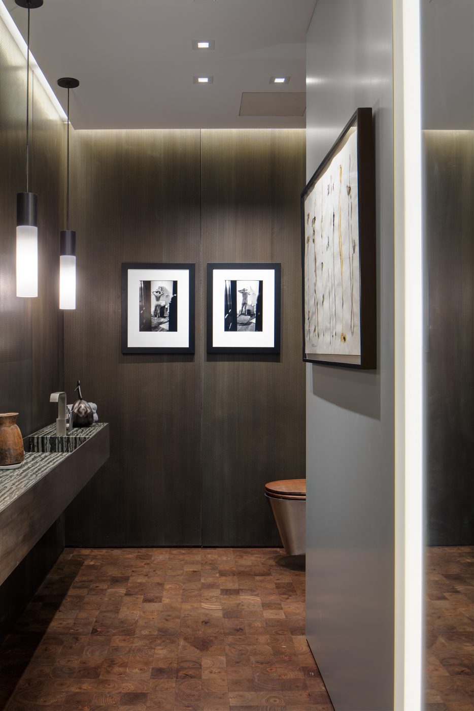인더스트리얼 요소들과 나이테가 보이는 월넛 나무바닥 그리고 미술품이 돋보이는 튀지 않는 벽면등이
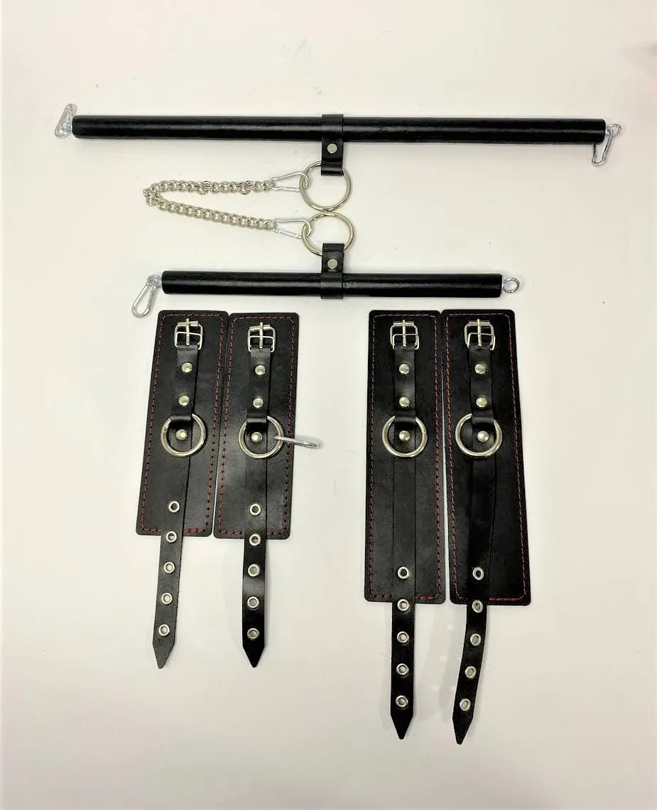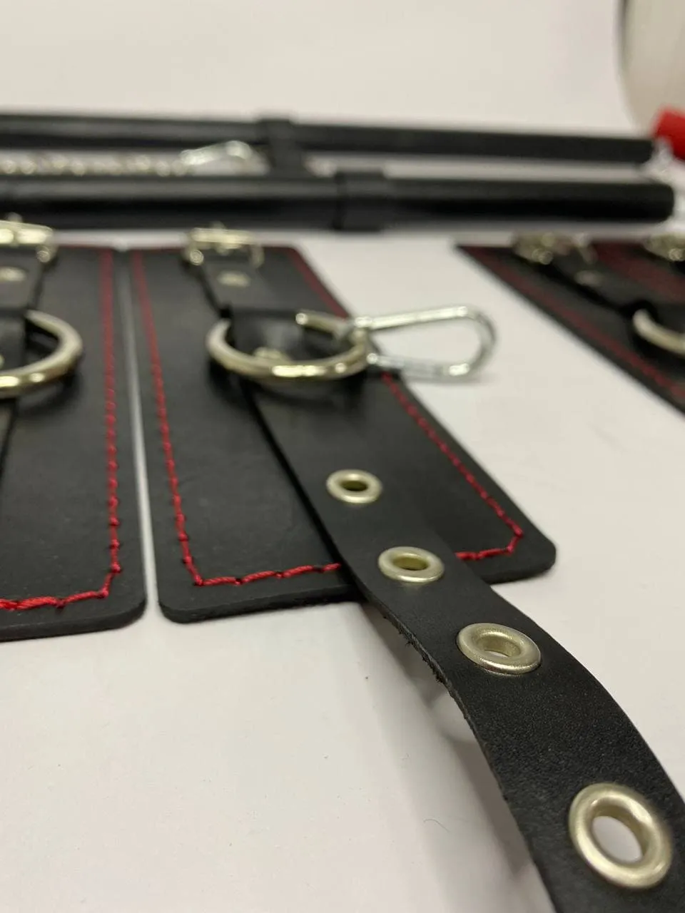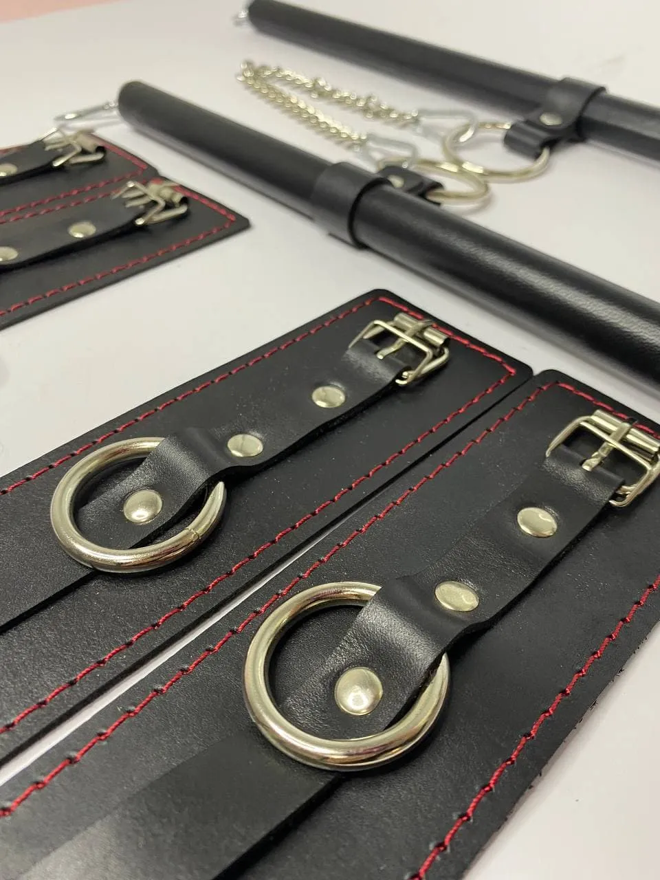 Изготовленный из натуральной кожи с надежными металлическими креплениями, набор сочетает прочность, долговечность и изысканный дизайн. Каждая деталь выполнена с заботой о комфорте и безопасности партнёра, обеспечивая удобство фиксации и свободу движений там, где это необходимо.
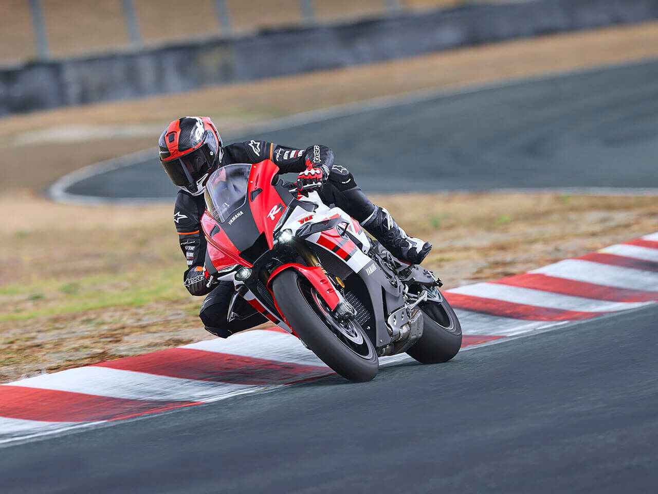 Premium Brembo® front brakes and a highly refined KYB® suspension further enhance its track-focused capability. It all comes wrapped in iconic white and red speed block livery commemorating the historic 1955 birth of Yamaha Motor Company.
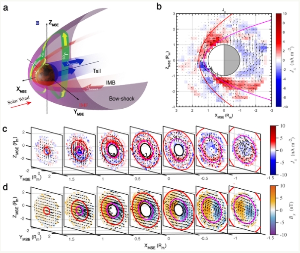 此前,有不少学者推测火星应该存在类似地球一样的电离层电流体系。有人提出火星的电离层电流体系是由电离层上面的太阳风驱动。也有人提出,火星高层大气的中性风场会驱动电离层电流。“包括我国祝融号在内的火星表面磁场探测器的观测数据都证实了火星表面磁场是存在着日变化的,但目前人们依旧缺乏对火星电离层磁场或电流的直接认识。”戎昭金说,“为了了解火星电离层电流的真实分布特征,我们开展了此次研究。”
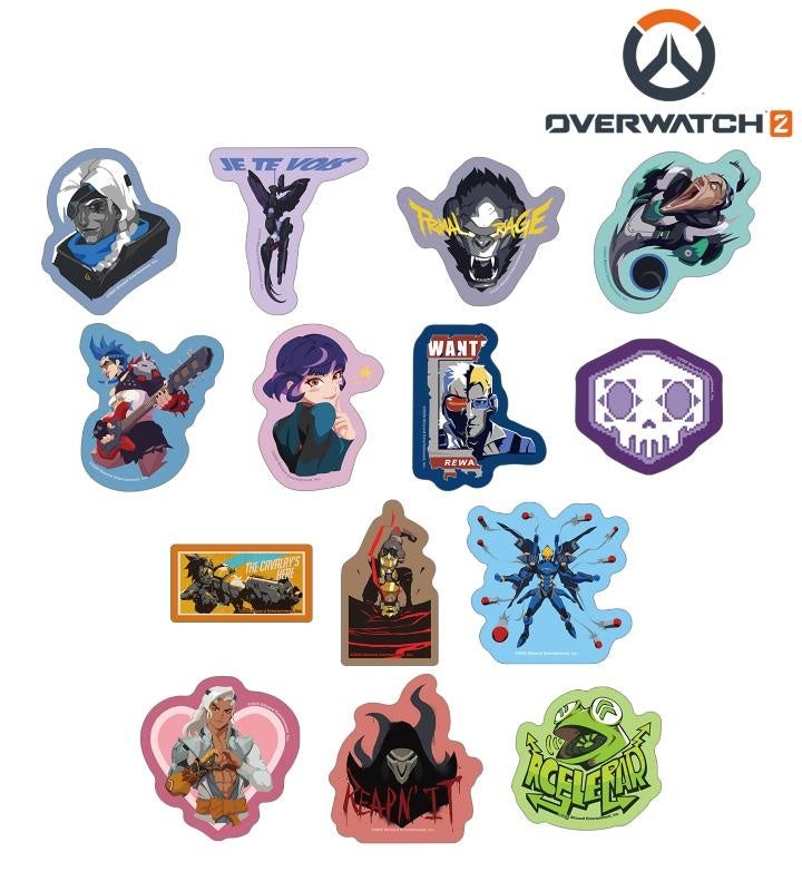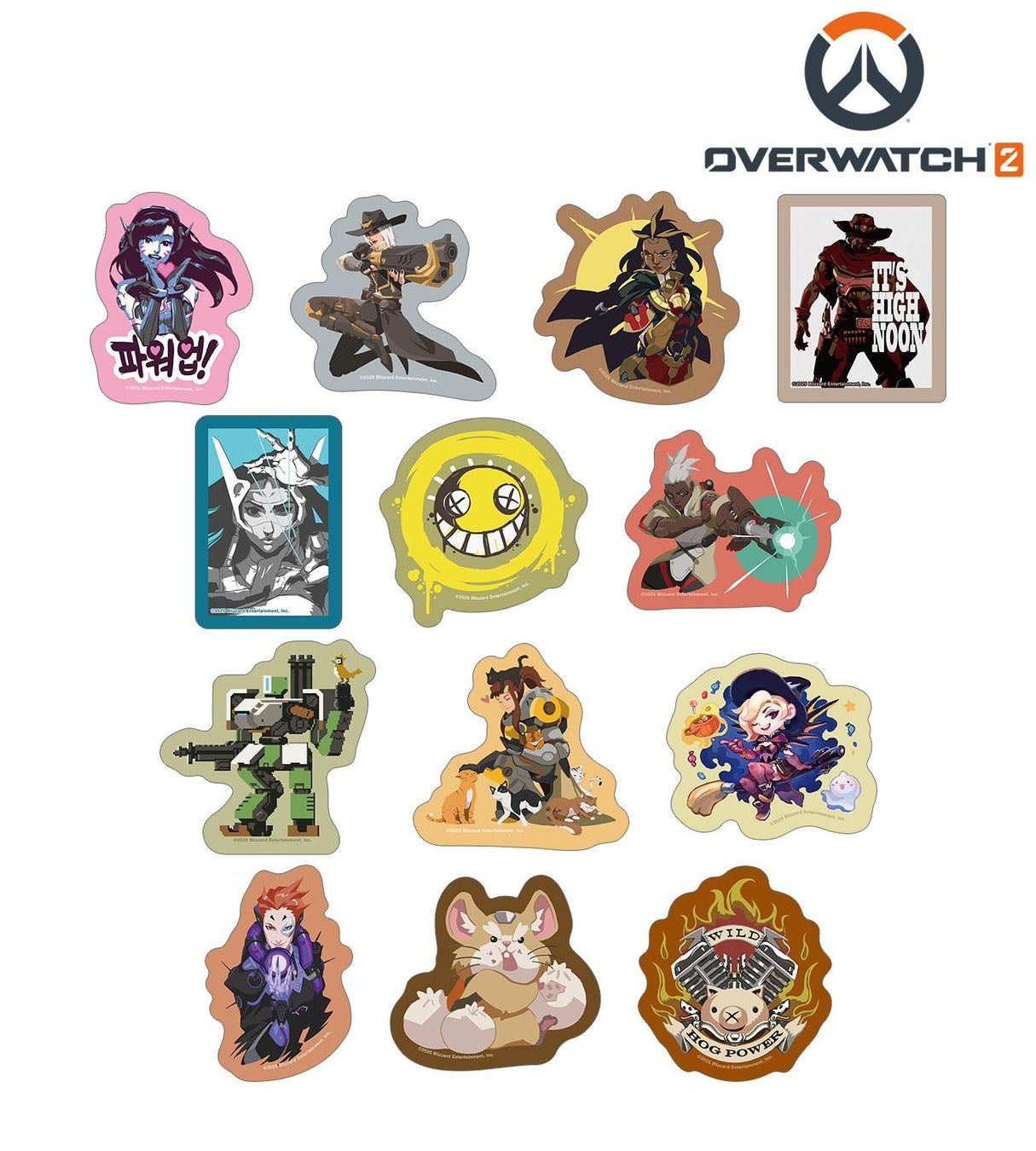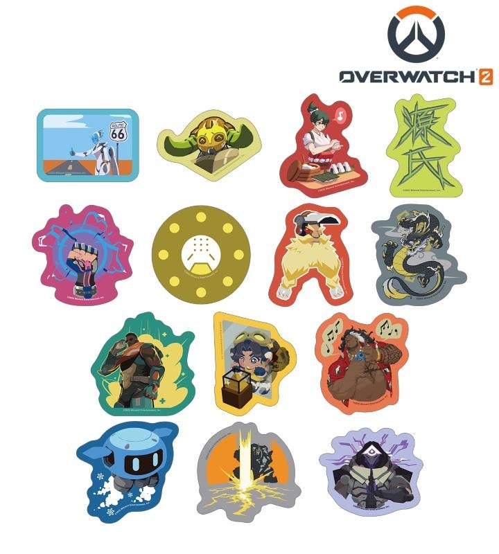 D.Va、アッシュ、イラリー、キャスディ、シンメトラ、ジャンクラット、ソジョーン、バスティオン、ブリギッテ、マーシー、モイラ、レッキング・ボール、ロードホッグのイラストをダイカットのステッカーに仕上げました。

_TASK DIRECTIONS:_
Repeat the data word for word, excluding any image.

_YOUR SOLUTION:_
인더스트리얼 요소들과 나이테가 보이는 월넛 나무바닥 그리고 미술품이 돋보이는 튀지 않는 벽면등이
 Изготовленный из натуральной кожи с надежными металлическими креплениями, набор сочетает прочность, долговечность и изысканный дизайн. Каждая деталь выполнена с заботой о комфорте и безопасности партнёра, обеспечивая удобство фиксации и свободу движений там, где это необходимо.
 Premium Brembo® front brakes and a highly refined KYB® suspension further enhance its track-focused capability. It all comes wrapped in iconic white and red speed block livery commemorating the historic 1955 birth of Yamaha Motor Company.
 此前,有不少学者推测火星应该存在类似地球一样的电离层电流体系。有人提出火星的电离层电流体系是由电离层上面的太阳风驱动。也有人提出,火星高层大气的中性风场会驱动电离层电流。“包括我国祝融号在内的火星表面磁场探测器的观测数据都证实了火星表面磁场是存在着日变化的,但目前人们依旧缺乏对火星电离层磁场或电流的直接认识。”戎昭金说,“为了了解火星电离层电流的真实分布特征,我们开展了此次研究。”
 D.Va、アッシュ、イラリー、キャスディ、シンメトラ、ジャンクラット、ソジョーン、バスティオン、ブリギッテ、マーシー、モイラ、レッキング・ボール、ロードホッグのイラストをダイカットのステッカーに仕上げました。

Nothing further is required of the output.